Faeser: „Druck auf organisierte Kriminalität so hoch wie nie“
Die Polizei stellt bei kriminellen Banden in Deutschland einen Trend hin zu immer größeren Gruppierungen fest. Außerdem beobachteten die Ermittler in 2022 eine hohe Zahl an Gewaltdelikten, wie aus dem aktuellen Lagebericht zur Organisierten Kriminalität (OK) hervorgeht, der am Donnerstag in Berlin vorgestellt wurde. Darin werden alleine 16 vollendete Tötungsdelikte durch Gruppierungen der organisierten Kriminalität aufgeführt.
Nach Angaben des Bundeskriminalamts (BKA) greifen OK-Gruppierungen zunehmend zu teilweise drastischen Mitteln, um Macht zu demonstrieren und Einfluss zu nehmen, etwa indem Zeugen eingeschüchtert oder vermeintliche Schulden mit Gewalt eingetrieben werden.
Zwei Drittel der Gruppierungen, die der Polizei im vergangenen Jahr bekannt wurden, bestanden laut dem Bericht aus bis zu zehn Tatverdächtigen. In mehr als jedem vierten Verfahren (27,5 Prozent) ging es um Banden mit 11 bis 50 Tatverdächtigen. In 2,7 Prozent der Fälle konnten einer Gruppierung mehr als 50 mutmaßliche Mitglieder zugerechnet werden.

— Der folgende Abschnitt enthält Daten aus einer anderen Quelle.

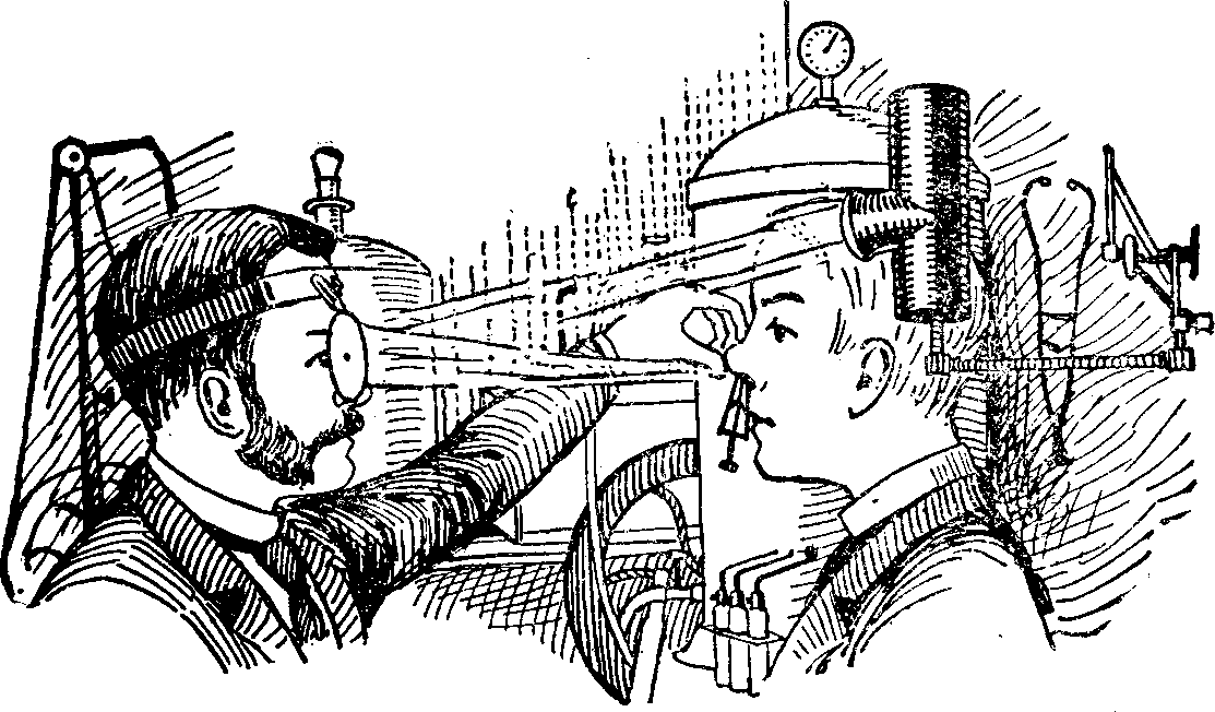 A historic drawing of a doctor using a head mirror to examine a patient.

Zusammenarbeit mit Gruppen aus dem Ausland
Die organisierte Kriminalität sei eine „erheblich Bedrohung für Gesellschaft, Wirtschaft und Staat“, sagte der Präsident des Bundeskriminalamts (BKA), Holger Münch, bei der Vorstellung des Berichts. Er betonte zudem „das Ausmaß der Bewaffnung“: 275 Schusswaffen konnten die Ermittler demnach Tatverdächtigen des organisierten Verbrechens zuordnen.
Dessen Bekämpfung sei und bleibe Schwerpunkt der Polizei von Bund und Ländern, bekräftigten Münch und Faeser. „Der Druck auf die organisierte Kriminalität in Deutschland ist heute so hoch wie nie“, ergänzte die Innenministerin. Ziel sei es, diese nachhaltig zu zerschlagen.
Laut Lagebild arbeiteten die Täter in 72 Prozent der Fälle mit Gruppen aus dem Ausland zusammen. Die organisierte Kriminalität agiere „niemals auf unsere Landesgrenze beschränkt“, sagte Faeser dazu. Um beispielsweise den Rauschgifthandel zu bekämpfen, brauche es deshalb auch Lösungen in den Herkunfts- und Transitstaaten der Drogen.
Zahl der Verfahren steigt
Die Gesamtzahl der Verfahren gegen Gruppierungen der organisierten Kriminalität war im Jahr 2021 aufgrund der Ermittlungen, die sich aus der Entschlüsselung von Chats auf Kryptohandys ergaben, deutlich angestiegen. 2022 ging sie um 8,2 Prozent auf 639 Verfahren zurück, lag damit aber immer noch deutlich über dem Niveau der Jahre 2013 bis 2020. Die Polizei in den Niederlanden und in Frankreich hatte 2020 die Software der Firma EncroChat geknackt und anschließend Millionen geheimer Chat-Nachrichten von Kriminellen abgeschöpft.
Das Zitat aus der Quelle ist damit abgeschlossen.